Transcribe the whole listing below without changing a word, but leave out every image.

Source data -

------------------------------------

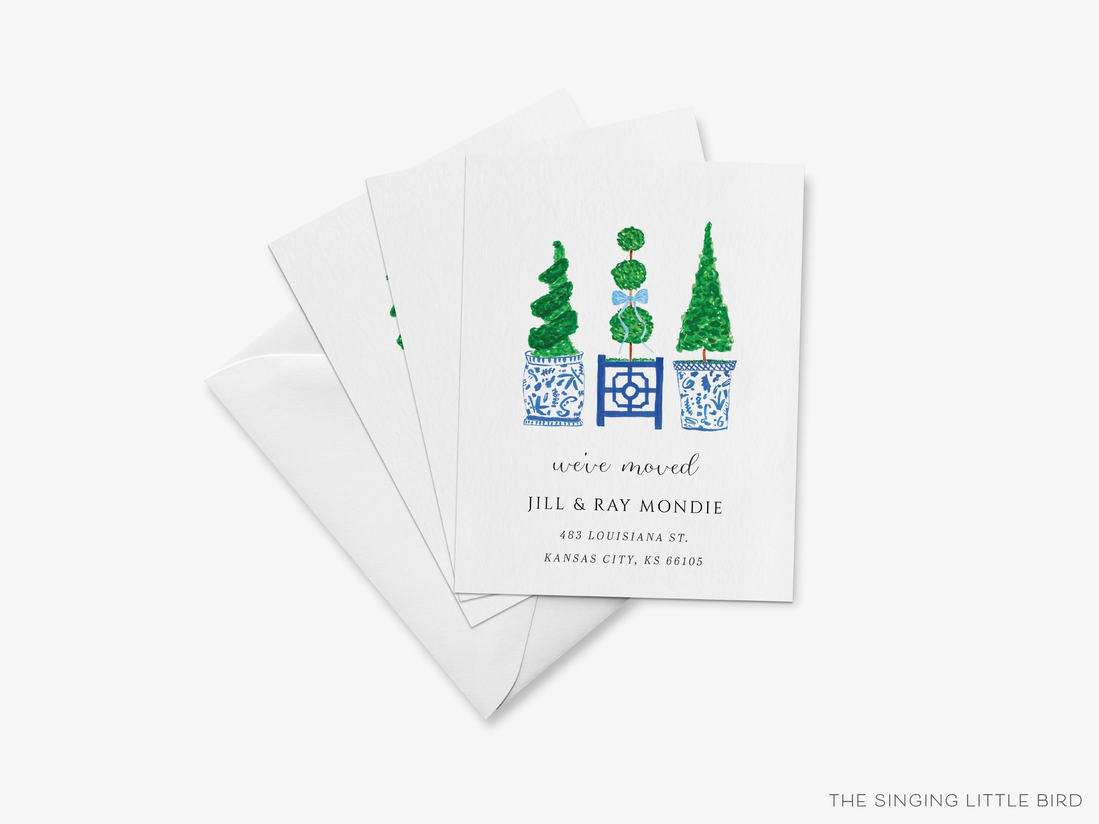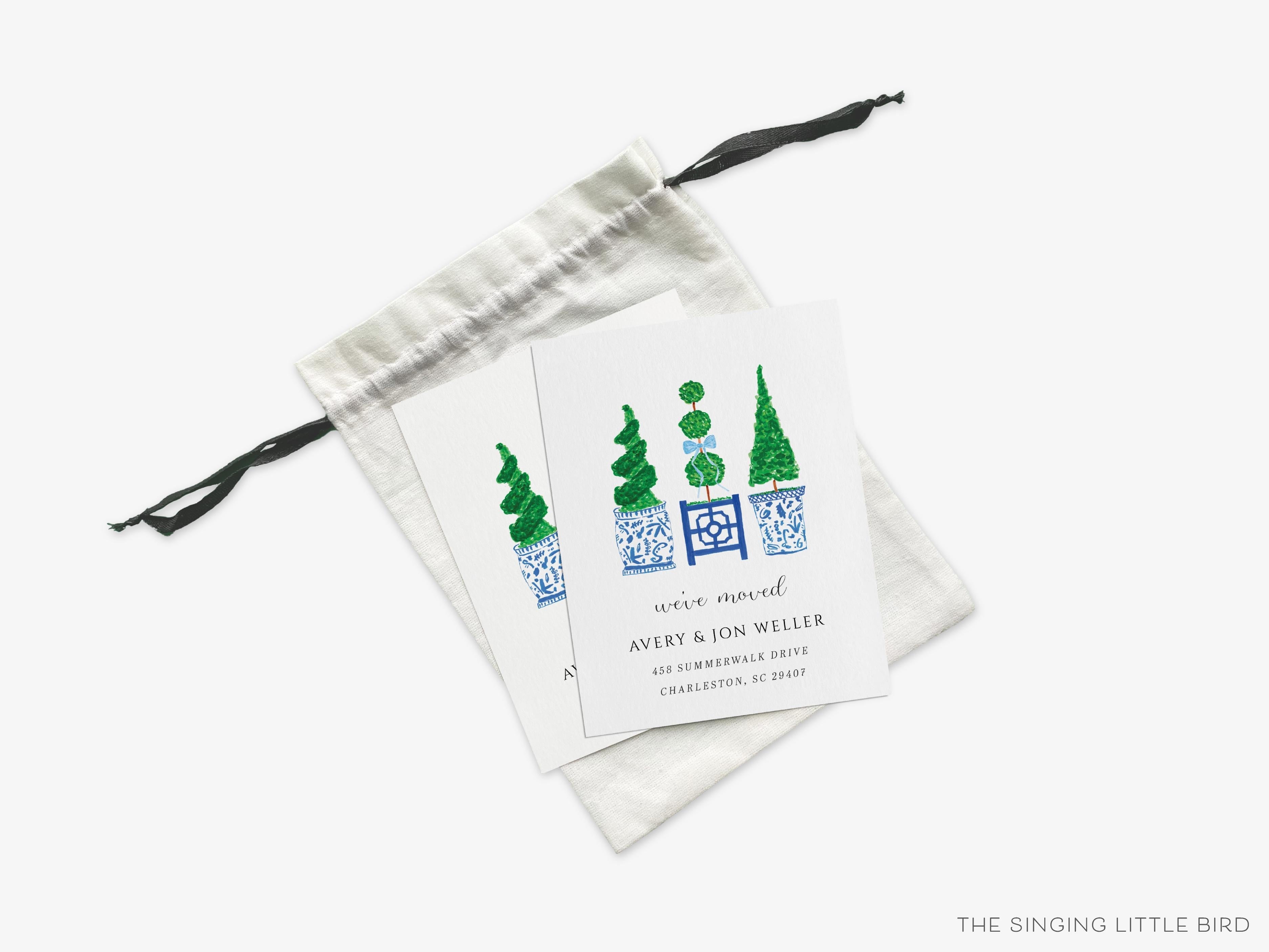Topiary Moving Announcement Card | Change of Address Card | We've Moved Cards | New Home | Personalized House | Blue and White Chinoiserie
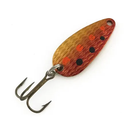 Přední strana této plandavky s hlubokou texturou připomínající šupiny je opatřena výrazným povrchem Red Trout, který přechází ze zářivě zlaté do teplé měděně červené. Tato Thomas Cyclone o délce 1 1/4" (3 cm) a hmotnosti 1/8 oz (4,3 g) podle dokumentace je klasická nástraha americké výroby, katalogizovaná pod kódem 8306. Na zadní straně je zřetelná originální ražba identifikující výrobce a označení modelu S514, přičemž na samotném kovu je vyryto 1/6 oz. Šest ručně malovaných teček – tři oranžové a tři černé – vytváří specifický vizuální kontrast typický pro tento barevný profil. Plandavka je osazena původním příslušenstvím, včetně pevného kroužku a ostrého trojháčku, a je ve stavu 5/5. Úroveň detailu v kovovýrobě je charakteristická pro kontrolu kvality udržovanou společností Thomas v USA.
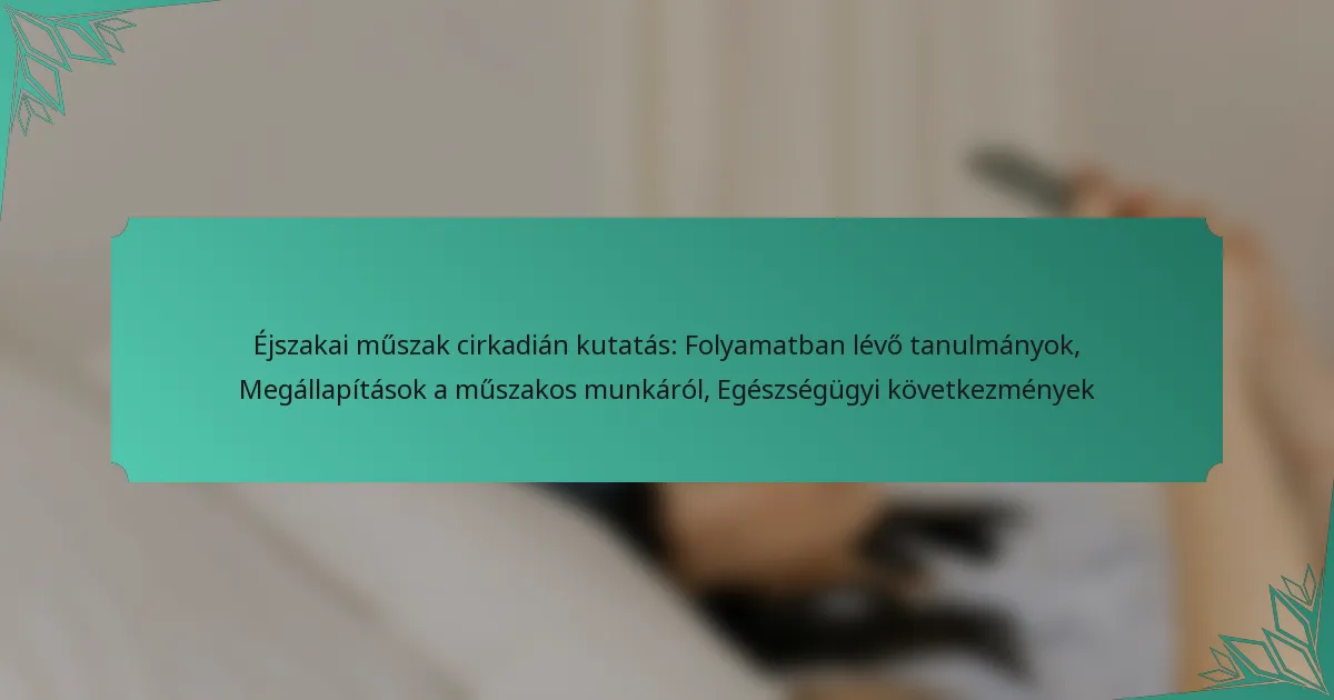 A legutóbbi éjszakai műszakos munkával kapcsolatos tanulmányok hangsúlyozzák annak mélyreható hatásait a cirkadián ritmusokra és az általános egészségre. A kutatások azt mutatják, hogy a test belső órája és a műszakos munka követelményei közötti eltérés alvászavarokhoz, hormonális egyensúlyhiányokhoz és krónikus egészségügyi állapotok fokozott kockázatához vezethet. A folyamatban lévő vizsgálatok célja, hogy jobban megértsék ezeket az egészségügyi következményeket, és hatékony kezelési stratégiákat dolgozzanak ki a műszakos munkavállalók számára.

------------------------------------

Result -
Topiary Moving Announcement Card | Change of Address Card | We've Moved Cards | New Home | Personalized House | Blue and White Chinoiserie
 Přední strana této plandavky s hlubokou texturou připomínající šupiny je opatřena výrazným povrchem Red Trout, který přechází ze zářivě zlaté do teplé měděně červené. Tato Thomas Cyclone o délce 1 1/4" (3 cm) a hmotnosti 1/8 oz (4,3 g) podle dokumentace je klasická nástraha americké výroby, katalogizovaná pod kódem 8306. Na zadní straně je zřetelná originální ražba identifikující výrobce a označení modelu S514, přičemž na samotném kovu je vyryto 1/6 oz. Šest ručně malovaných teček – tři oranžové a tři černé – vytváří specifický vizuální kontrast typický pro tento barevný profil. Plandavka je osazena původním příslušenstvím, včetně pevného kroužku a ostrého trojháčku, a je ve stavu 5/5. Úroveň detailu v kovovýrobě je charakteristická pro kontrolu kvality udržovanou společností Thomas v USA.
 A legutóbbi éjszakai műszakos munkával kapcsolatos tanulmányok hangsúlyozzák annak mélyreható hatásait a cirkadián ritmusokra és az általános egészségre. A kutatások azt mutatják, hogy a test belső órája és a műszakos munka követelményei közötti eltérés alvászavarokhoz, hormonális egyensúlyhiányokhoz és krónikus egészségügyi állapotok fokozott kockázatához vezethet. A folyamatban lévő vizsgálatok célja, hogy jobban megértsék ezeket az egészségügyi következményeket, és hatékony kezelési stratégiákat dolgozzanak ki a műszakos munkavállalók számára.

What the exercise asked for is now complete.